* **Assignment**
In the entries below, find the line with "3 rom leilighet" and the line with "especificado Pablo Rosa."; copy them and every line between them exactly, but not the pictures.
*** Task material
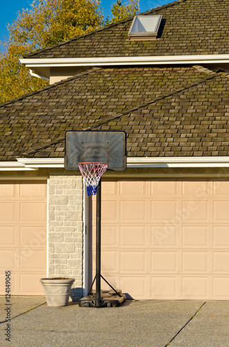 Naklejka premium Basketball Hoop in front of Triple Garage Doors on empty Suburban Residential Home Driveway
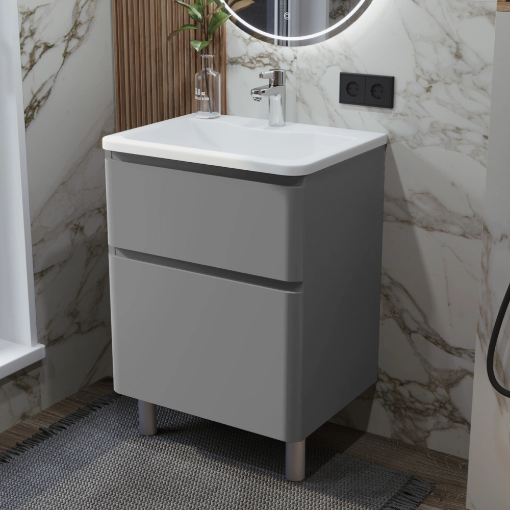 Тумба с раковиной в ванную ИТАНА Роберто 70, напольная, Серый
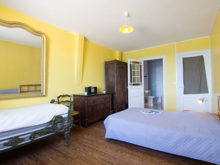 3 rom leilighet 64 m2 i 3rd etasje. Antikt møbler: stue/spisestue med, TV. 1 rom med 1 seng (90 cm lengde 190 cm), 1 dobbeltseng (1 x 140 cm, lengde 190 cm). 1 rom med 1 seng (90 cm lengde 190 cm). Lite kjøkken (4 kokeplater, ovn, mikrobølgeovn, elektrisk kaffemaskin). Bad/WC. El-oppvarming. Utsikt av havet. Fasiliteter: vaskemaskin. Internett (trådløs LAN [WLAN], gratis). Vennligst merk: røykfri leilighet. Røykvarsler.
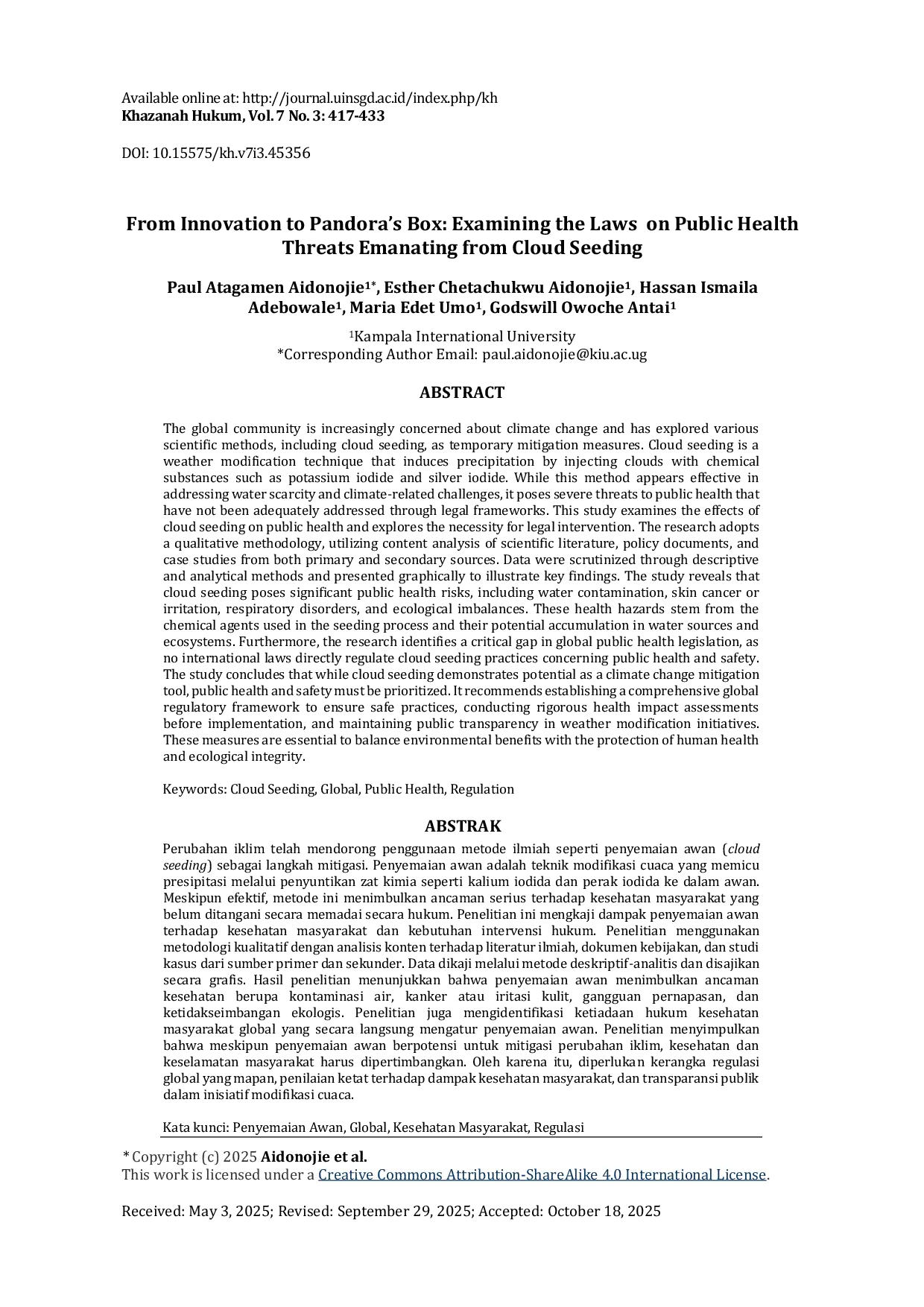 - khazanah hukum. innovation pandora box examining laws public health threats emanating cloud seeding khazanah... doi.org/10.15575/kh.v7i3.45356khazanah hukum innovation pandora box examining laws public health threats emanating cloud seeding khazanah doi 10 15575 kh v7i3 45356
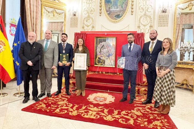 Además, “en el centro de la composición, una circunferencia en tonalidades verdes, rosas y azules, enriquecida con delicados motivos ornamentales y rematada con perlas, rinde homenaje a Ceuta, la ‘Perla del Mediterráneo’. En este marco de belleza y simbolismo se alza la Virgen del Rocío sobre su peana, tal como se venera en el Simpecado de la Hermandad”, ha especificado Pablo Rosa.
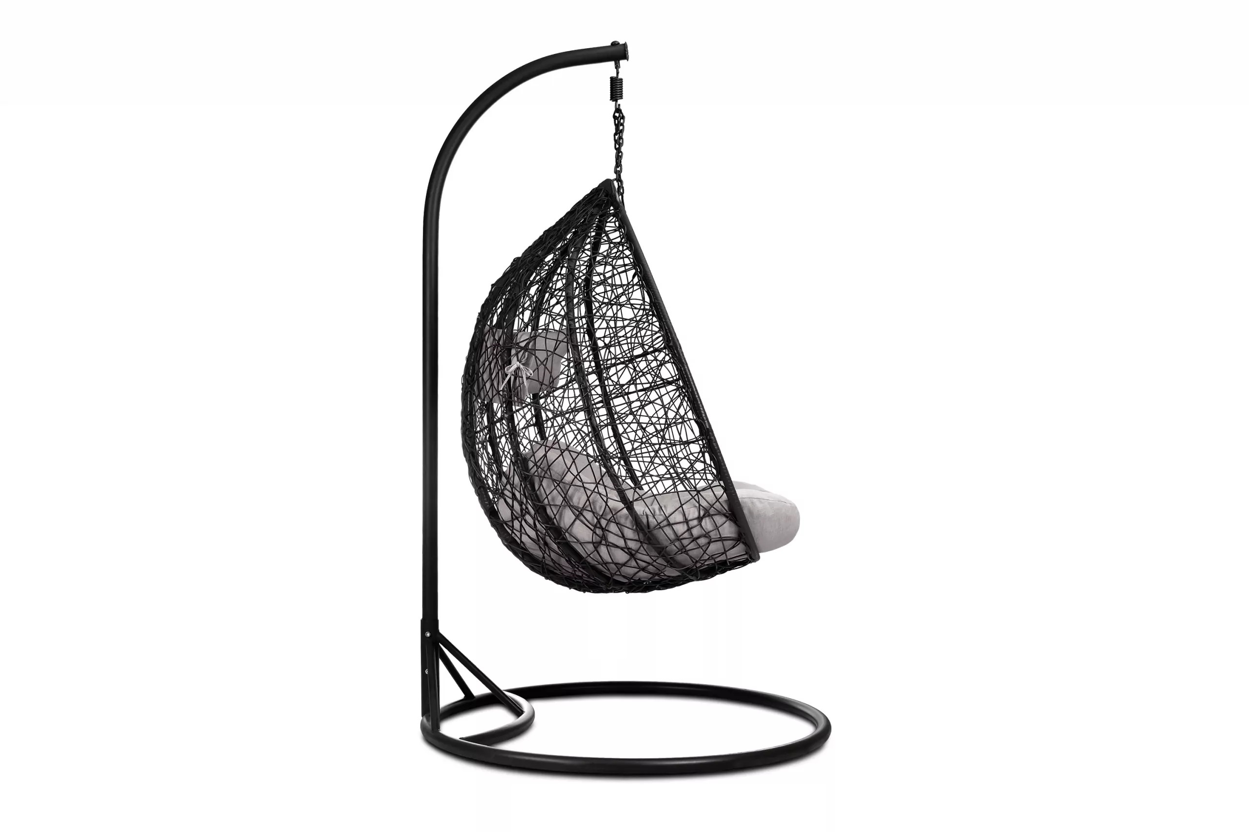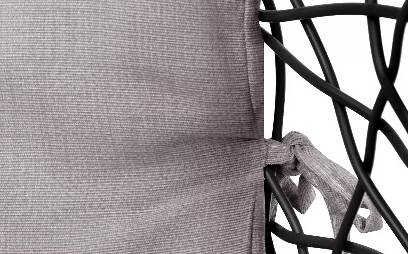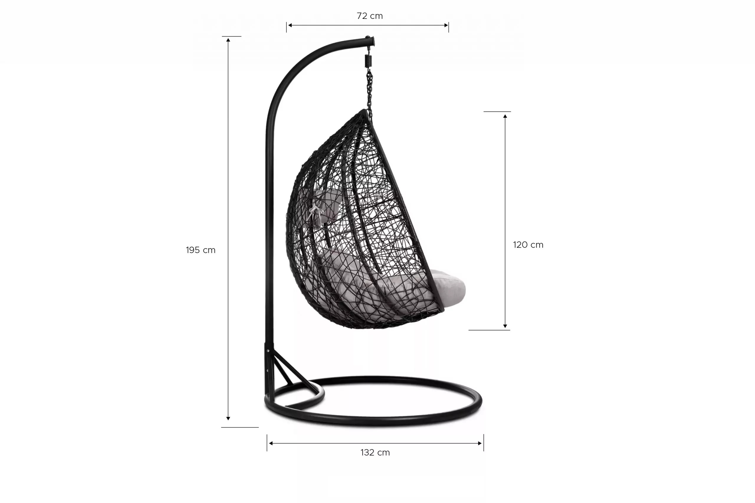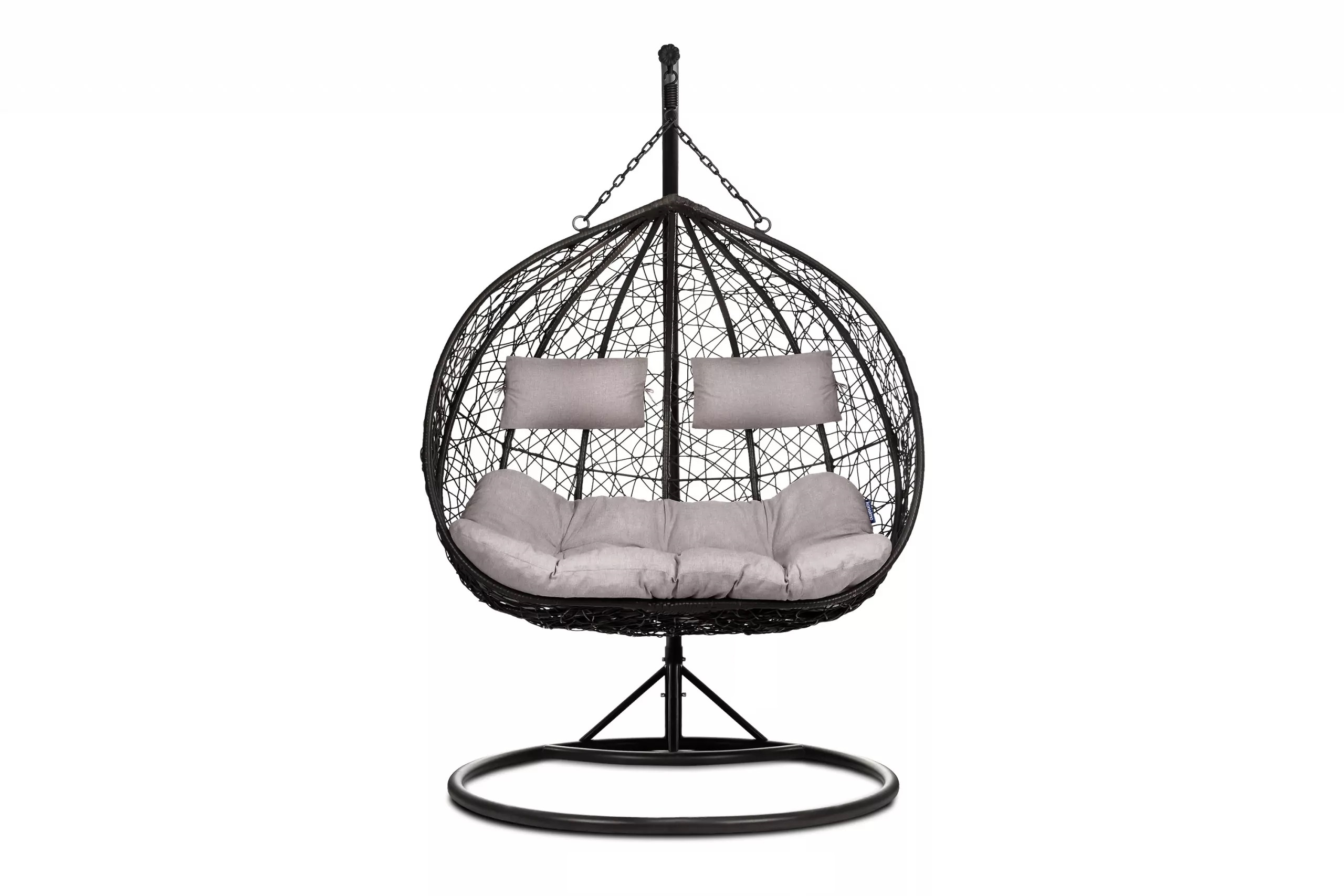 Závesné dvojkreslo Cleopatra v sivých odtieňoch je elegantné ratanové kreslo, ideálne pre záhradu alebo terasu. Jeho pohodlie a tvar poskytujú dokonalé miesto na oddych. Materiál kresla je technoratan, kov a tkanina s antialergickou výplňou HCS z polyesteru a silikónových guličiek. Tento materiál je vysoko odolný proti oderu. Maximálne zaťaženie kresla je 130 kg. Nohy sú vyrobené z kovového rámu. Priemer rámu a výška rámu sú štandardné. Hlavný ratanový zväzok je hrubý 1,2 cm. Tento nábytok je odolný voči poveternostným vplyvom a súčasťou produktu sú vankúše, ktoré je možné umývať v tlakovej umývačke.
******
*** Task material
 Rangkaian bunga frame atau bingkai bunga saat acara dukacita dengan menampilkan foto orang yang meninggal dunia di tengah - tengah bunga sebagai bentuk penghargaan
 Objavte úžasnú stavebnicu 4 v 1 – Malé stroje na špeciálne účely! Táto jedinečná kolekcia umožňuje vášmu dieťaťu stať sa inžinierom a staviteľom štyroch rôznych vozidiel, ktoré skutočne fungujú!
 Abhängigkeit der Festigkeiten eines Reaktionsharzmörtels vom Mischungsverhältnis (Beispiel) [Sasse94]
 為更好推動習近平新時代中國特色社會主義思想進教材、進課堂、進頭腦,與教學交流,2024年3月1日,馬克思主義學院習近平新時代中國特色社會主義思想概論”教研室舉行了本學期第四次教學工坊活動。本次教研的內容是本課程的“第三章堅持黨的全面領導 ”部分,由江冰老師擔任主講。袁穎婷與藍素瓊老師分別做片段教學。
******
* **Task output**
 3 rom leilighet 64 m2 i 3rd etasje. Antikt møbler: stue/spisestue med, TV. 1 rom med 1 seng (90 cm lengde 190 cm), 1 dobbeltseng (1 x 140 cm, lengde 190 cm). 1 rom med 1 seng (90 cm lengde 190 cm). Lite kjøkken (4 kokeplater, ovn, mikrobølgeovn, elektrisk kaffemaskin). Bad/WC. El-oppvarming. Utsikt av havet. Fasiliteter: vaskemaskin. Internett (trådløs LAN [WLAN], gratis). Vennligst merk: røykfri leilighet. Røykvarsler.
 - khazanah hukum. innovation pandora box examining laws public health threats emanating cloud seeding khazanah... doi.org/10.15575/kh.v7i3.45356khazanah hukum innovation pandora box examining laws public health threats emanating cloud seeding khazanah doi 10 15575 kh v7i3 45356
 Además, “en el centro de la composición, una circunferencia en tonalidades verdes, rosas y azules, enriquecida con delicados motivos ornamentales y rematada con perlas, rinde homenaje a Ceuta, la ‘Perla del Mediterráneo’. En este marco de belleza y simbolismo se alza la Virgen del Rocío sobre su peana, tal como se venera en el Simpecado de la Hermandad”, ha especificado Pablo Rosa.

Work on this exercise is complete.